=== WHAT TO PRODUCE ===
Give again, exactly as written, the lines of the records below from the line with "우비 대용으로 유리스" to the line with "Open up MIDIOX, and". Both end lines count; pictures do not.

=== RECORDS TO PROCESS ===
[Start of Attachment]

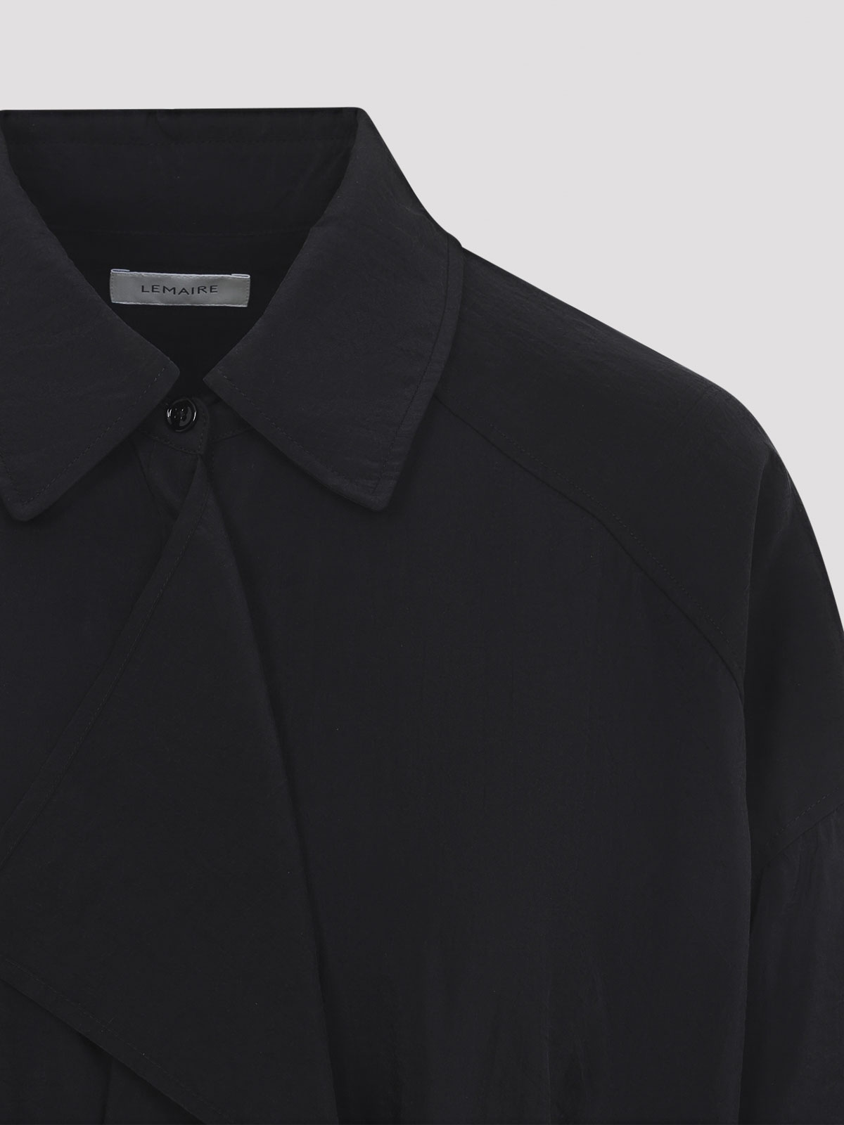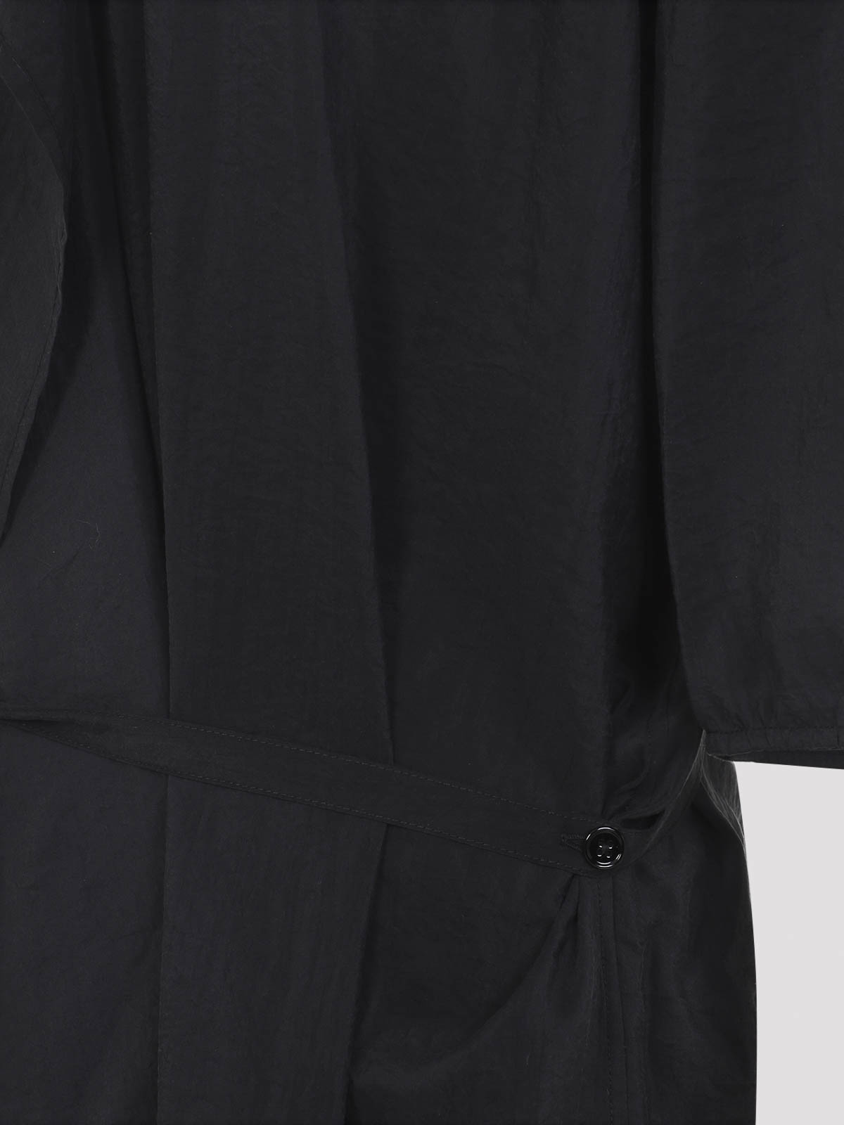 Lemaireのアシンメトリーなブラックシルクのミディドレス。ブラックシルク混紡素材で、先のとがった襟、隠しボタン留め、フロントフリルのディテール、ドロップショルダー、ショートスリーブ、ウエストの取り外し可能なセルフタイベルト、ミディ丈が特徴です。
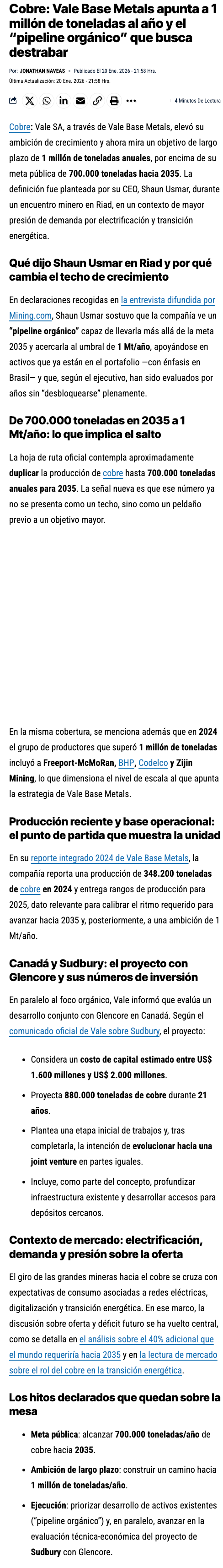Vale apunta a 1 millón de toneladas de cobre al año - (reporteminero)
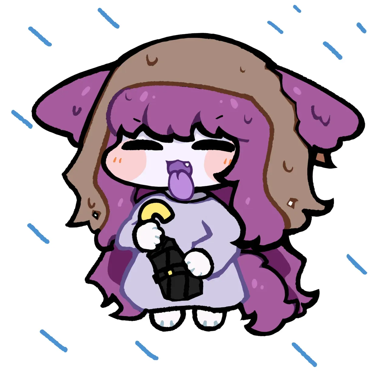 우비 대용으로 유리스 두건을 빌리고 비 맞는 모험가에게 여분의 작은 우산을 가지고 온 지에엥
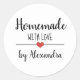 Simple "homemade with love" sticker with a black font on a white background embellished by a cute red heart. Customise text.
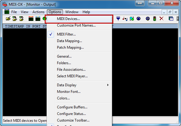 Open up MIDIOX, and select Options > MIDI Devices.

[End of Attachment]
[Start of Attachment]

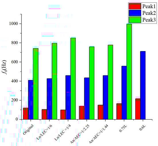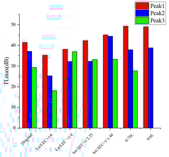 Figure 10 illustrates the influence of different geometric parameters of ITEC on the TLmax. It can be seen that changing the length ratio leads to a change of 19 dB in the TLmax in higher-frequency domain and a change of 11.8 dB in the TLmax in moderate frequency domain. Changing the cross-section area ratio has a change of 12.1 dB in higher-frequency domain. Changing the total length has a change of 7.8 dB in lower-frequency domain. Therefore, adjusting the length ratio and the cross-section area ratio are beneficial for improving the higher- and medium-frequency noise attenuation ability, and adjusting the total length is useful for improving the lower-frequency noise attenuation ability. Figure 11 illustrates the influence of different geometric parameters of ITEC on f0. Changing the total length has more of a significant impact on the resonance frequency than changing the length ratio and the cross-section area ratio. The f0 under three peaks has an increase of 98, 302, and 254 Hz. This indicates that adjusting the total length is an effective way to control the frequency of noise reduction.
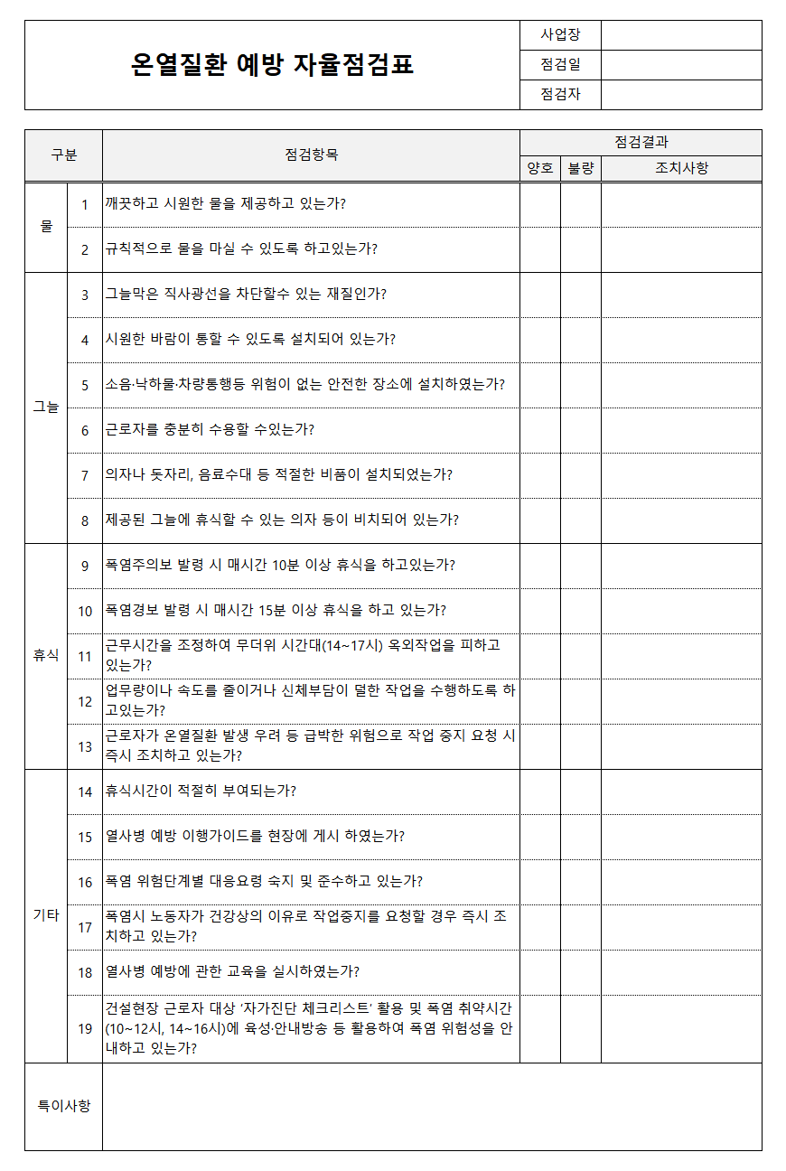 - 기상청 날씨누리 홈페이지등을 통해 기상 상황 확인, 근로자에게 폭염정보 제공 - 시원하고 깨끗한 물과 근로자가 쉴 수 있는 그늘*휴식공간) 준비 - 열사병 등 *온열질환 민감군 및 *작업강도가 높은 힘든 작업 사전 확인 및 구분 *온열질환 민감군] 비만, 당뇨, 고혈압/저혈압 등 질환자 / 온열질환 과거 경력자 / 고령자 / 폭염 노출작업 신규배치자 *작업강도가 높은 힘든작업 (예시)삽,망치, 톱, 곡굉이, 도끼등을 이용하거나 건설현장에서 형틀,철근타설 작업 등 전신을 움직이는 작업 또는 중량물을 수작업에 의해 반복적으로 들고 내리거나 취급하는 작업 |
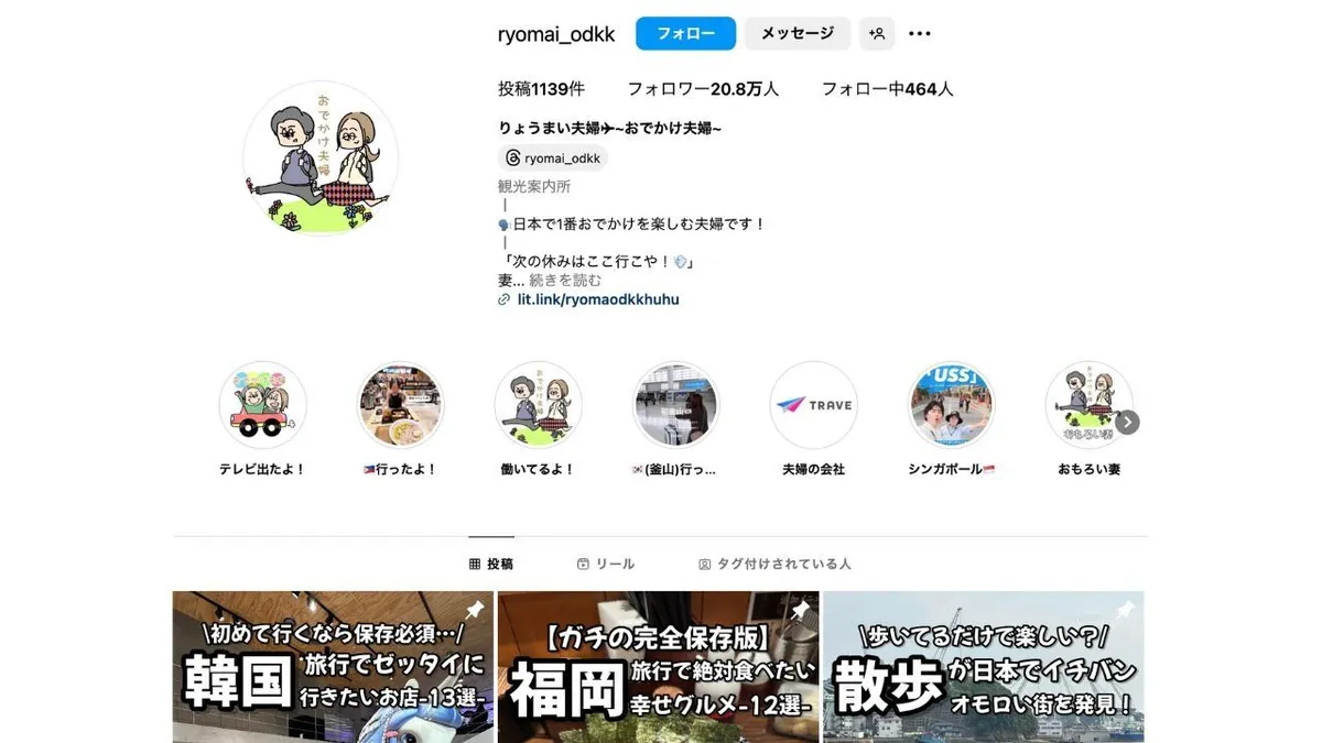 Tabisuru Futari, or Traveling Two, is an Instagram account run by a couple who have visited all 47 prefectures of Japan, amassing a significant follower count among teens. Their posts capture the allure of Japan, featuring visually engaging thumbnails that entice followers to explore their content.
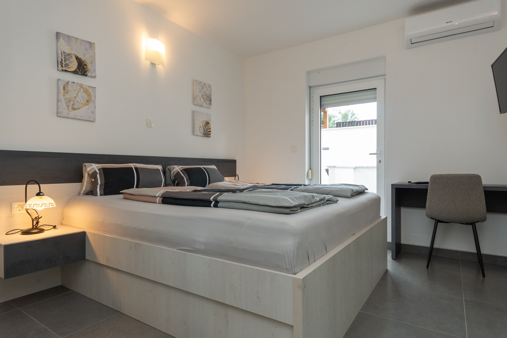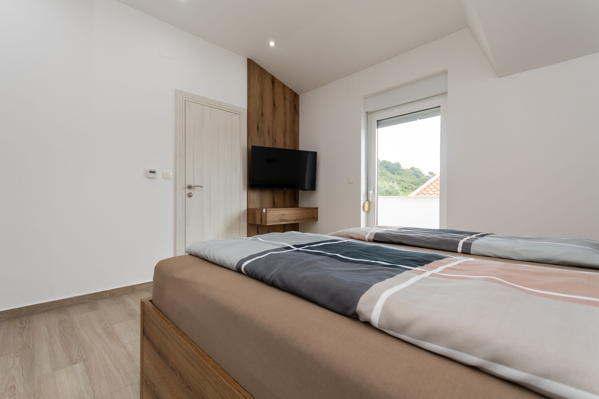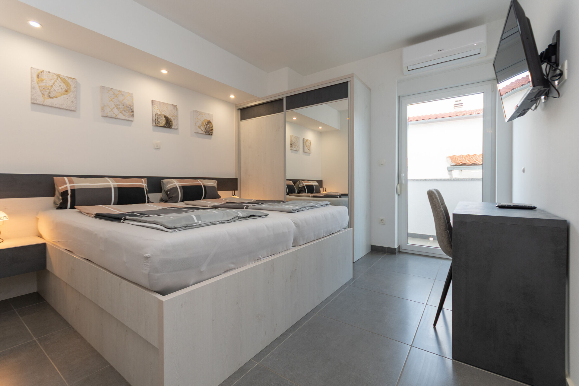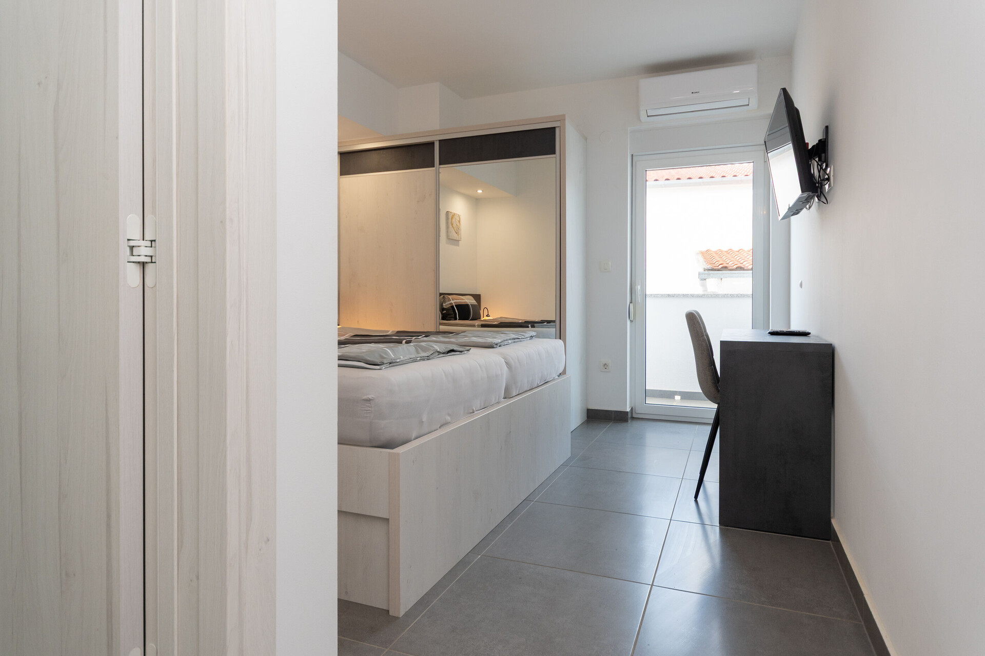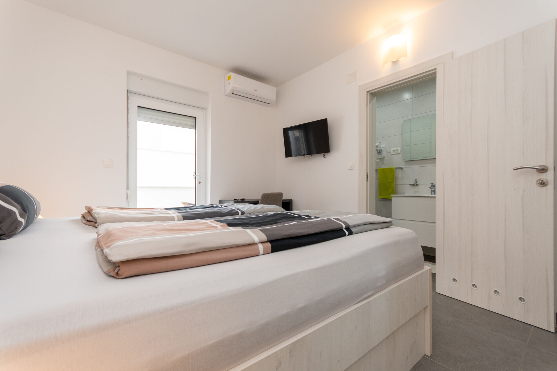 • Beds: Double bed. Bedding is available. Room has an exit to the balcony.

[End of Attachment]

=== RESULT ===
 우비 대용으로 유리스 두건을 빌리고 비 맞는 모험가에게 여분의 작은 우산을 가지고 온 지에엥
 Simple "homemade with love" sticker with a black font on a white background embellished by a cute red heart. Customise text.
 Open up MIDIOX, and select Options > MIDI Devices.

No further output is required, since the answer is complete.